A series of diverse algorithms were computed to first predict the accuracy of whether the stock’s price is prone to increase or decrease given the sentiment, and second to measure the magnitude of price change.
Models run were KNN, Logistic Regression, Decision Tree, Random Forest. SVM and ANN.
Step 8: Predict The Stock Price
A complex formula based on the model trained on the sentiments of the Tweets is used to predict the stock price.
Using Our Model To Try & Make Money
Predicting EA, T-Mobile, Vodafone, & Cerner’s Performance
We decided to do our analysis on diverse companies that would theoretically have a variety of tweets written about them.
Choice 1: Electronic Arts (EA)
We first chose EA, a video game maker, since a lot of people will be very vocal about how they feel about their video games on Twitter.
Choice 2: Telecom Companies
Moreover, Telecom companies were chosen (T-Mobile and Vodafone) because we believe that their clients tend to communicate their complaints online and therefore would express a strong sentiment.

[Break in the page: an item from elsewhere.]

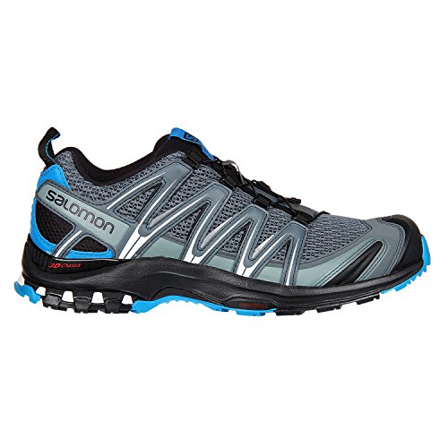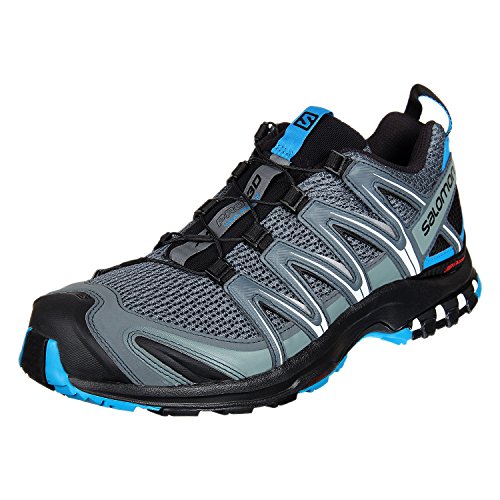 Der Salomon XA PRO 3D ist ein Adventureschuh, der durch seine unglaubliche Passform, verbesserte Haltbarkeit und überaus verlässlichen Grip überzeugt. Leichtes, atmungsaktives und abriebfestes Material steht für beste Belüftung und Komfort. Der Schlammschutz ist ein schützendes Material entlang der Basis des Schuhs. Durch die Kombination unterschiedlicher Contagrip Gummihärten bieten die Außensohlen den perfekten Mix aus Griffigkeit und Haltbarkeit. Das Sensifit-System umschließt den Fuß für einen präzisen und sicheren Sitz. Eine leichte, geformte EVA-Zwischensohle und die OrthoLite Einlegesohle bieten Dämpfung und Stabilität. Dank des Quicklace Schnürsystems mit reibungsfreien Ösen kannst du mit nur einem Zug die richtige Passform einstellen. Die selbstlösende Schnürung verhindert außerdem das Verknoten oder Hängenbleiben an Gegenständen.

Choice 3: Cerner (Healthcare)
Finally we analyzed Cerner’s tweets, an American supplier of health information technology solutions. The healthcare tech domain usually tends to publish information (whether it is innovative positive information or controversial negative information) that the public reacts to.
The Verdict
The results of the first analysis are summarized in the table below:
As observed, the graphical based algorithms have shown far superior performance in foreseeing the price movements, in comparison to the decision based algorithms. Going as far as averaging an accuracy score of 72% for Vodafone & T-Mobile, which is remarkable in context of the stock market.
Electronic Arts (EA)
Vodafone Group Plc (VOD)
T-Mobile US (TMUS)
CERN
Wisdom of Crowds
Overall, the stock market revolves around who can run the most intrinsically sophisticated and efficient machine learning algorithms that incorporate as many predictors as possible, however, we were able to outperform all of those predictors through using the wisdom of crowds.
Recommendations
Our final recommendations would be not to use our model in isolation, but depending on the risk appetite of the trader, try and corroborate information externally and preferably outside of Twitter if still hesitant on acting on the recommendations.
If there is a general consensus from several sources that the market is going to converge in a certain direction, then there is reasonable assurance that our model’s recommendations are correct.
Our model helps individuals make informed investment decisions through leveraging the power of the community, and is a perfect supplementary tool to any trader, whether they are a beginner or professional.